The buildup of fatty deposits within your artery walls is caused by excessive lipids, particularly LDL cholesterol, which reduces or blocks the flow of blood and oxygen to your heart. When total cholesterol levels are markedly elevated, the risk of cardiovascular disease increases significantly. LDL cholesterol is removed from the arteries by HDL cholesterol and returned to the liver for excretion. An abundance of HDL appears to guard against cardiovascular disease. We report this interesting case to emphasize that the patient with extremely high serum HDL and high total cholesterol has not developed any signs and symptoms of coronary heart disease. The patient is completely asymptomatic despite having extreme cholesterol deranged for 2 years.

Keywords
INTRODUCTION

A 57-year-old African-American male patient with a history of nephrectomy and dyslipidemia was seen in the outpatient department for his annual checkup.
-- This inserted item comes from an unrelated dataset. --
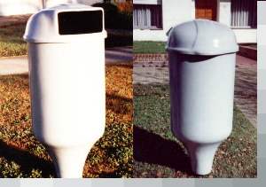 Construídos en plástico reforzado con fibra de vidrio, se utilizan en los frentes de los domicilios, reemplazando al canasto de metal,para guardar las bolsas de residuos sólidos domiciliarios, con las siguientes ventajas: se puede sacar la basura en cualquier horario, sin depender del recolector, tiene tapa, por lo que impide que los perros y roedores diseminen los residuos. Previene olores e insectos. Viene en dos capacidades redondo de 75 lts. y cuadrado de 40 lts. Terminación exterior lisa color verde o gris, con pie de caño de 2 1/4" o estructural 30x70mm.

The patient has a history of exceptionally high levels of HDL cholesterol without any symptoms of dyslipidemia. Further examination revealed that his high-density lipoprotein level was once more abnormally high (199 mg/dL).

 

High Total cholesterol levels are a biomarker associated with an increased risk of coronary heart disease and High‐density lipoprotein cholesterol is a biomarker inversely associated with an increased risk of Coronary Heart Disease (CHD) events. It is of considerable value in assessing patients’ coronary artery disease risk. A 2009 meta‐analysis of 108 randomized trials involving nearly 300 000 patients at risk of cardiovascular events found no association between treatment‐induced increases in HDL cholesterol with risk ratios for CHD deaths, CHD events or total deaths after adjustment for changes in Low‐Density Lipoprotein (LDL) cholesterol [1].

 

High‐density lipoprotein is a complex circulating particle with many subspecies that vary in lipid and protein composition [2]. Cholesterol is a major component of the particle and the amount of cholesterol contained in HDL particles can be directly measured; it is referred to as HDL cholesterol. In clinical practice, non‐HDL cholesterol, rather than HDL cholesterol, is used to risk stratify patients. On the other hand, extremely high levels of HDL have been associated with high cause mortality in men and women [3,4]. Therefore, we share this interesting case of extremely high HDL levels with its differentials.

 

CASE PRESENTATION

A 57-year-old African-American male patient with a history of nephrectomy and dyslipidemia was seen in the outpatient department for his annual checkup. The patient has a history of exceptionally high levels of HDL cholesterol without any symptoms of dyslipidemia. Further examination revealed that his high-density lipoprotein level was once more abnormally high (199 mg/dL). The patient smoked one pack of tobacco each day for 17 years prior to quitting 10 years ago. Additionally, the patient has a history of occasional drinking. The patient has no previous history of taking medications. The patient has a family history of symptomatic dyslipidemia in   his   mother   and  maternal  grandmother but  was  not documented. Vitals upon admission were blood pressure of 124/86 mm Hg and a heart rate of 86 beats per minute. His electrocardiogram showed normal sinus with no ST‐T wave changes.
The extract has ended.